Вокруг нас сгустился мрак, потому что дяде в темноте было лучше. Мы не отводили глаз от дома тетки Клавдии — там горел свет, но никого видно не было.

— Они в дальней комнате, в бабушкиной, — сказала я.

— И–и–и… И–и–и… — скоро послышался оттуда детский визг. — И–и–и…

— Да что же он с детьми делает, садист!

Дядя Игнат любил малых детей, это любому известно. И не выносил их плача, он на любого врага за ребенка мог пойти, не только на Тосю Рэпаного. Тетя Мария от того визга тоже начинала нервничать.

Мы уже знали, что у кума Тосика и Клавдии ночь любви начиналась дракой, а заканчивалась примирением с дальнейшим апофеозом. Знали это и их домашние, невольно втягиваемые в этот спектакль. Но им от этого легче не становилось и они при первой же возможности старались выбежать на улицу и скрыться. Часто отсиживались в погребе, а если там было очень холодно, то дети бежали к соседям, а бабушка Федора — в кусты.

На этот раз они, похоже, оставались в доме, и возникало подозрение, что от пьяного кума достается не только объекту его вожделения, но и остальным.

— Ведь только что помирились. Ну? — двусмысленно зашевелился дядя Игнат, с явным намеком, что готов встать.

— Лежи! — прикрикнула на него тетя Мария. — Защитник.

— Но ведь…

— Я сама, — решила тетя Мария. Она резко встала: — Свет не включай, следи за событиями из окна, — это она адресовала мне. — Выпустишь меня и запрешь дверь. Откроешь, когда я вернусь, — закончила инструктаж.

Я выпустила тетю Марию в ночь. Холодно. Она надела фуфайку, голову покрыла большим кашемировым платком, одним концом которого обмотала шею и заправила его внутрь под подбородком. Босые ноги вставила в тяжелые кирзаки, которые надевала для работы по хозяйству. Я отчетливо видела, как тетя Мария вошла во двор к соседям, а дальше ее скрыла развесистая акация нижними ветками своей кроны.

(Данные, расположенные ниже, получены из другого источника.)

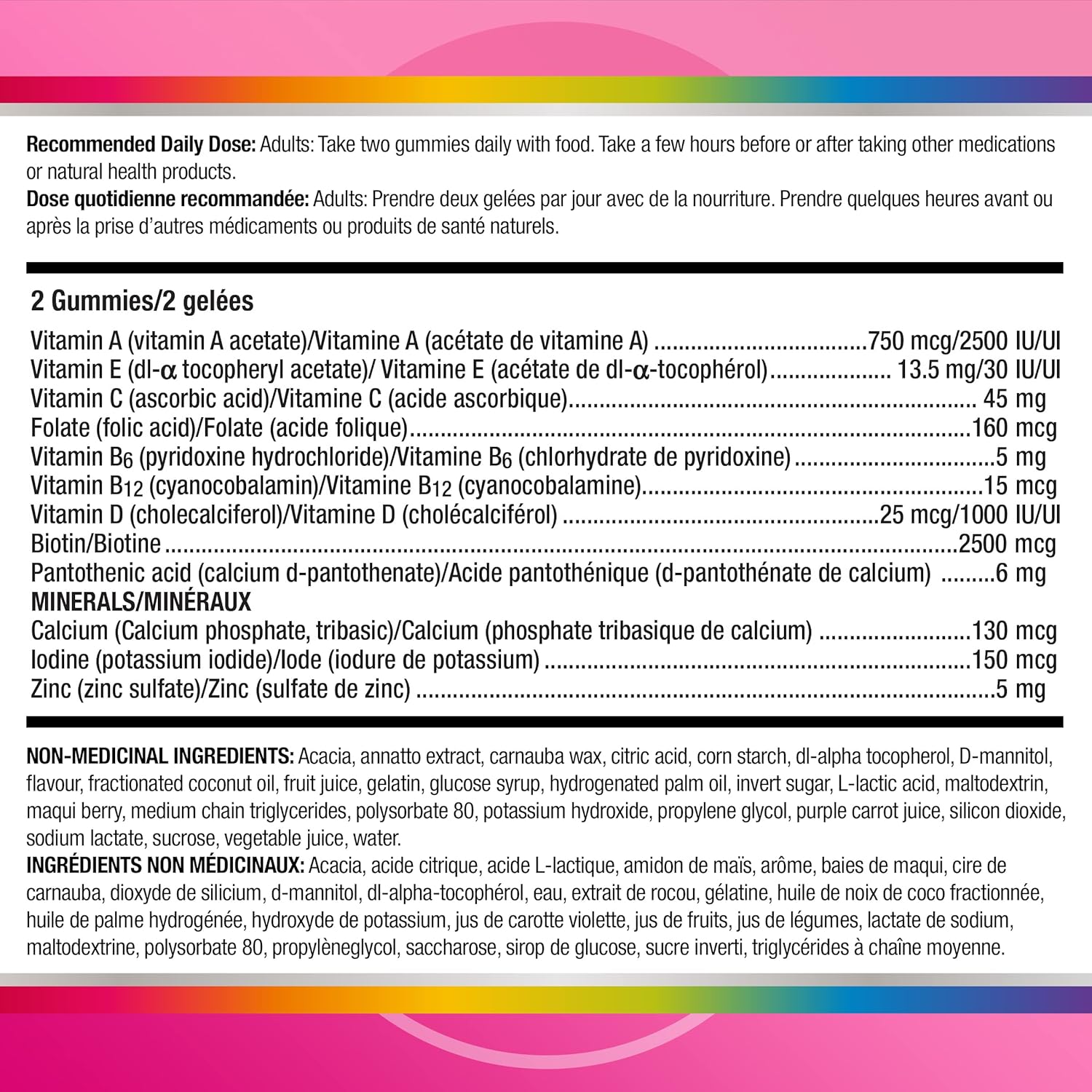 Centrum 女士多种维生素/矿物质软糖,樱桃、浆果和橙子口味,130 粒软糖(包装可能有所不同)Centrum 女士多种维生素软糖专为女性配制,每剂含钙和 1,000 IU 维生素 D,可满足女性的营养需求。Centrum 女士多种维生素软糖是一种美味的方式,有助于支持免疫系统;保持健康的皮肤;维持身体代谢营养的能力;每天只需两粒软糖即可提供抗氧化剂。无麸质的 Centrum 女士多种维生素软糖配方由内而外滋养您的身体,支持身体健康。凭借超过 35 年的营养科学专业知识,Centrum 是医生推荐的排名第一的多种维生素品牌*和加拿大销量第一的多种维生素品牌。**此包装包括一瓶 130 粒装的 Centrum 女士多种维生素软糖补充剂,有樱桃、浆果和橙子口味。 (*基于 2020 年 3 月的 IMS Health 数据;**Centrum 的计算部分基于尼尔森通过其市场跟踪服务报告的截至 2020 年 10 月 31 日的 52 周期间成人维生素类别的数据)Centrum MultiGummies,Multi+Beauty 复合维生素软糖,男女适用的头发、皮肤和指甲维生素,樱桃、浆果和橙子口味,90 粒软糖Centrum MultiGummies Multi+Beauty 复合维生素采用多种营养素混合而成,包括维生素 A、C、E 和生物素,有助于促进头发浓密、保持皮肤健康和强化指甲。Centrum MultiGummies Multi+Beauty 是一种美味的方式,有助于支持免疫系统、维持视力并帮助能量代谢,每天只需两粒软糖。无麸质的 Centrum MultiGummies Multi+Beauty 的维生素和矿物质配方可从内部滋养您的身体,以支持身体健康。 Centrum 凭借超过 35 年的营养科学专业知识,是加拿大排名第一的医生推荐复合维生素品牌*,也是销量第一的复合维生素品牌**。本套装包含一瓶 90 粒装的 Centrum 复合维生素软糖,多种口味可选,包括樱桃、浆果和橙子。(*基于 2020 年 3 月的 IMS Health 数据;**Centrum 的计算部分基于尼尔森通过其市场跟踪服务报告的截至 2020 年 10 月 31 日的 52 周成人维生素类别数据)

Тем временем тетя Мария подошла к кухонному окну, заглянула внутрь. Напротив окна виднелся альковный вход в бабушкину спальню — крошечную комнатку, где у противоположной стены лишь помещалась кровать и рядом с изголовьем — тумбочка. Так вот кум Тосик согнал на эту кровать всех домочадцев и колотил, не разбирая, кто где. Он загородил собой дверной проем, и убежать от его ударов не представлялось возможным. Что–то щебетала ему жена: то ли разжигая, то ли уже склоняя к примирению с любовными экспрессиями. Ойкала несчастная старушка. Если бы она понимала, что ее дочь обладает девиациями пикантного рода, то плюнула бы на все и спала бы спокойно в укромном месте. А так — принимала эти драки за чистую монету, за недоразумение и пыталась их прекратить. Визжали дети, использование которых в таких играх было не меньшим грехом, чем мучить старую мать. В доме стояли крики, стоны, плач. И только «бух–бух–бух!» — работали кулаки, приближая страстные минутки.

— Кум! Кум! — как оглашенная забарабанила в окно тетя Мария.

Кум Тосик обернулся, загораживая расставленными руками выход из спаленки, и она увидела налитые кровью, сумасшедшие глаза.

— Чего тебе? — весьма дружелюбно, только громко спросил кум Тосик, узнав соседку.

— Кум, в сенях за дверью бабушка оставила мне кринку молока. Вынеси, пожалуйста.

— Зачем тебе? — спросил Тосик Рэпаный, не соображая, что у них нет коровы, а значит, нет и кринки с молоком.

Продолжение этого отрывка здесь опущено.